Вот это да! Значит, в будущем (в реальность которого, честно говоря, ему не очень-то верилось) он счастливо женат на Ленке, у него есть сын и даже внук – вот этот парнишка, похожий на него и носящий его фамилию и такое же, как у него, имя. И этот самый внук мог погибнуть в дорожно-транспортном происшествии, если бы… Нет, воспитанный в духе материализма, в поповские сказки про бессмертную душу Санчо не верил. А вот в то, что частица сознания могла переместиться во времени… Почему бы и нет?
Ох, и впрямь – пора возвращаться, а то Ленка, наверное, до жути испугана.
«Пойду я. А… как это сделать?»
«Сейчас импульсом тебя подтолкну – и полетишь. Дед, ты… пообещай только одну вещь, ладно?»
«Смотря что».
«Ну, бабушке обо всём, что сейчас происходит, не рассказывай. Она и так постоянно вздыхает, что великую страну развалили, а узнает заранее – ещё больше переживать будет».
«Не скажу, – уверил Санчо. – Ни бабуле, ни… другим. Да никто и не поверит в такое будущее. Разве только Веня, в его стихах что-то подобное проскальзывало, а говорили – антисоветчина. А Лена… то есть бабушка… она жива?»
«Конечно! И ты тоже неплохо себя чувствуешь».
«Хм… А как же я – и здесь, и там?» – озадачился Санчо.
«Понятия не имею, – дурашливо хихикнул Ярыгин-младший. – Тебе лучше знать, это ведь ты у нас учёный и любитель научной фантастики. Дремлешь, наверное, после обеда, и тебе снится… ну, наш разговор и всё остальное».

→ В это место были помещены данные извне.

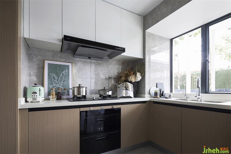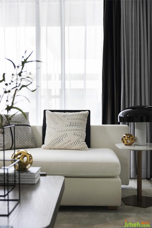 客廳通過開放的空間設計與舒適的材料,營造輕松、精致又不失格調(diào)的氛圍。黑白灰為基礎色,點綴了幾處“垂楊幾處綠煙濃”的“綠煙”色(綠煙是指初春的楊柳泛出的如煙一般的綠色),既保留了綠色的生機又給人以平靜的感覺,使空間獨具韻味。

«Саш, ты…» – начал он и осёкся.
«Я – Алекс», – поправил внук.
«Алекс… Ты тоже мне пообещай кое-что».
«Например?»
«Что будешь аккуратнее дорогу переходить. А то ведь в другой раз я могу и не успеть вовремя со стремянки грохнуться!»
«Ладно, обещаю, дед!»
Санчо очнулся. Заплаканная Ленка трясла его и хлопала ладонями по щекам.
– Живой! – всхлипнула девушка. – А то я прямо не знала, что делать: вниз к вахтёру бежать, чтобы скорую по телефону вызвать, или, наоборот, вверх, в директорский кабинет. И тебя одного оставить стра-а-ашно!
– Да всё хорошо, Ленка, – попытался улыбнуться Санчо. – Ты… знаешь что? Выходи за меня замуж! Сын родится, назовём Александром. Будет Сан Саныч. А потом и внук – тоже Сан Саныч. Как тебе такая идея?
– Санчо, ты что – с дуба рухнул? – отстранилась от него лаборантка.
– Нет, – он мотнул вновь закружившейся от волнения головой. – С ёлки. Да я серьёзно, Лен!
– Я согласна, – просияла она и, наклонившись над лежавшим под украшенной ёлкой Санчо, торопливо поцеловала его в приоткрытые губы.
…Защебетал бойкой птицей мобильный телефон. Кандидат технических наук, ныне пенсионер Александр Петрович Ярыгин оторвал взгляд от экрана подаренного сыном и невесткой на шестидесятипятилетие ноутбука, где ставил лайки под философскими постами профессора Вячеслава Мотылькова и яркими фотографиями звезды эстрады Вениамина Яшина. Он ответил на звонок без тревоги, словно знал заранее, о чём ему сейчас скажут. Догадка оказалась верной, а новость – приятной: из больницы сообщили, что его внук, пострадавший в ДТП, пришёл в сознание и чувствует себя хорошо.